Senior Machine Learning Engineer (Platform) - Bristol employer: Digilab Solutions
Contact Detail:
Digilab Solutions Recruiting Team
StudySmarter Expert Advice 🤫
We think this is how you could land Senior Machine Learning Engineer (Platform) - Bristol
✨Tip Number 1
Network like a pro! Reach out to people in the industry, attend meetups, and connect with current employees at digiLab. A friendly chat can sometimes lead to opportunities that aren’t even advertised!
✨Tip Number 2
Show off your skills! Create a portfolio showcasing your machine learning projects, especially those involving Python and probabilistic models. This gives you a chance to demonstrate your expertise beyond just a CV.
✨Tip Number 3
Prepare for the interview by brushing up on your technical knowledge and problem-solving skills. Be ready to discuss your experience with tools like AWS, Docker, and any relevant libraries. Practice makes perfect!
✨Tip Number 4
Don’t forget to apply through our website! It’s the best way to ensure your application gets seen. Plus, it shows you’re genuinely interested in being part of the digiLab team.
We think you need these skills to ace Senior Machine Learning Engineer (Platform) - Bristol
Some tips for your application 🫡
Tailor Your Application: Make sure to customise your CV and cover letter to highlight your experience with Python and machine learning. We want to see how your skills align with the role, so don’t hold back on showcasing relevant projects!
Show Your Passion: Let us know why you’re excited about working at digiLab! Share your thoughts on AI and uncertainty quantification, and how you see yourself contributing to our mission. A bit of enthusiasm goes a long way!
Be Clear and Concise: When writing your application, keep it straightforward. Use clear language and avoid jargon where possible. We appreciate well-structured applications that are easy to read and understand.
Apply Through Our Website: Don’t forget to submit your application through our website! It’s the best way for us to receive your details and ensures you’re considered for the role. We can’t wait to hear from you!

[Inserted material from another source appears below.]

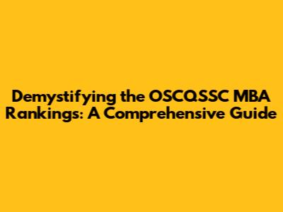 Demystifying The OSCQSSC MBA Rankings: A Comprehensive Guide

How to prepare for a job interview at Digilab Solutions
✨Know Your Stuff
Make sure you brush up on your Python skills and get familiar with the specific machine learning techniques mentioned in the job description, like Bayesian methods and Monte Carlo techniques. Being able to discuss these confidently will show that you're not just a good fit, but that you’re genuinely interested in the role.
✨Show Your Collaborative Spirit
Since this role involves working closely with cross-functional teams, be prepared to share examples of how you've successfully collaborated in the past. Highlight any experience you have with Agile methodologies or Scrum, as this will resonate well with the team at digiLab.

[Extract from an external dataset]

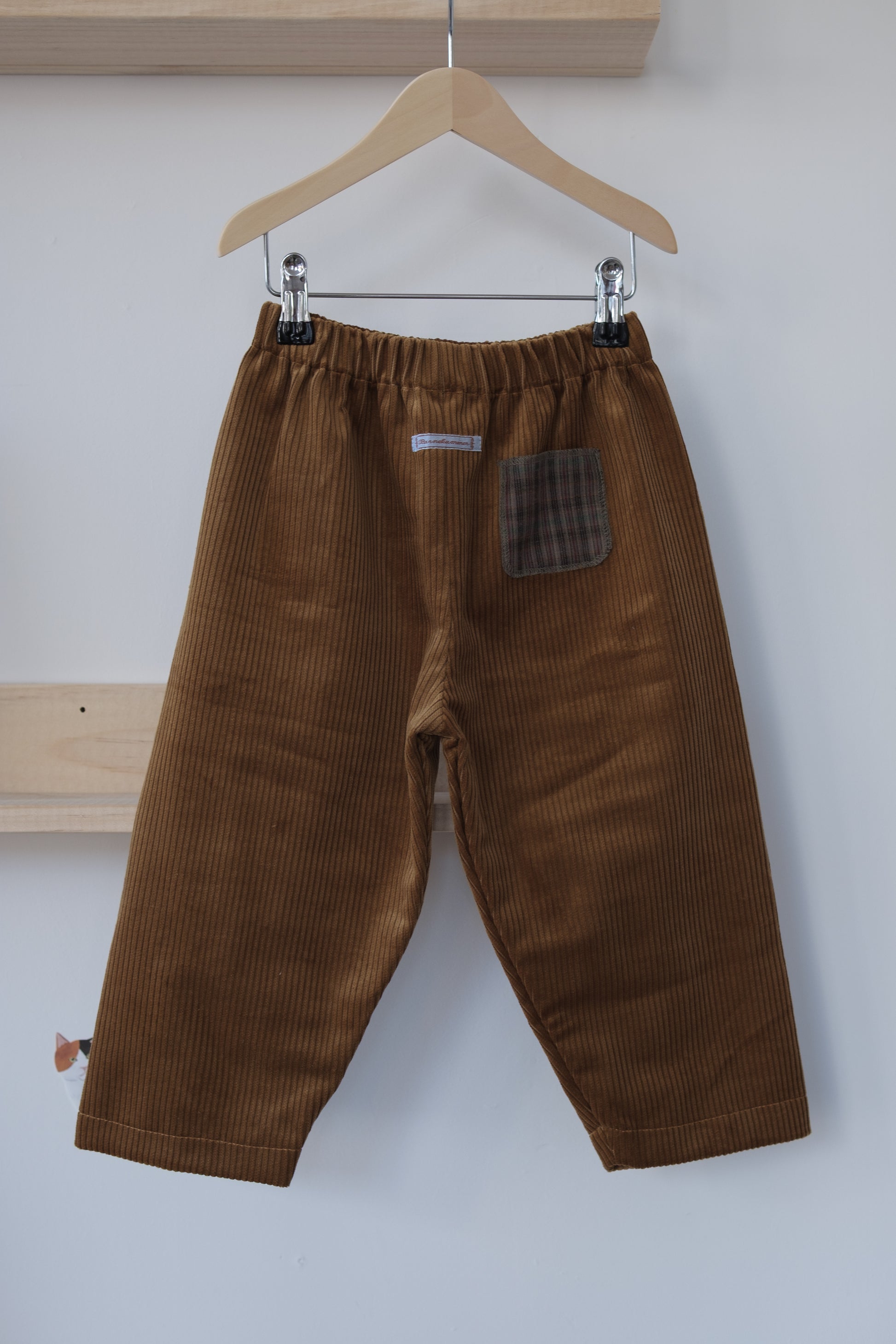 Den vide passformen og strikk i livet gir barnet god bevegelighet og komfort, mens de lekne detaljene – som en lapp på kneet eller en lomme i kontraststoff – gir buksene ekstra sjarm. Dette er bukser som tåler lek, kan brukes året rundt, og som kan gå i arv til familie og venner.

✨Prepare for Technical Questions
Expect some technical questions during the interview. Brush up on your knowledge of scientific Python libraries like NumPy and Pandas, as well as machine learning libraries such as PyTorch and scikit-learn. Practising coding problems related to these technologies can give you an edge.
✨Emphasise Your Problem-Solving Skills
DigiLab is all about solving complex challenges, so be ready to discuss how you've tackled difficult problems in your previous roles. Use the STAR method (Situation, Task, Action, Result) to structure your answers and demonstrate your analytical thinking and creativity.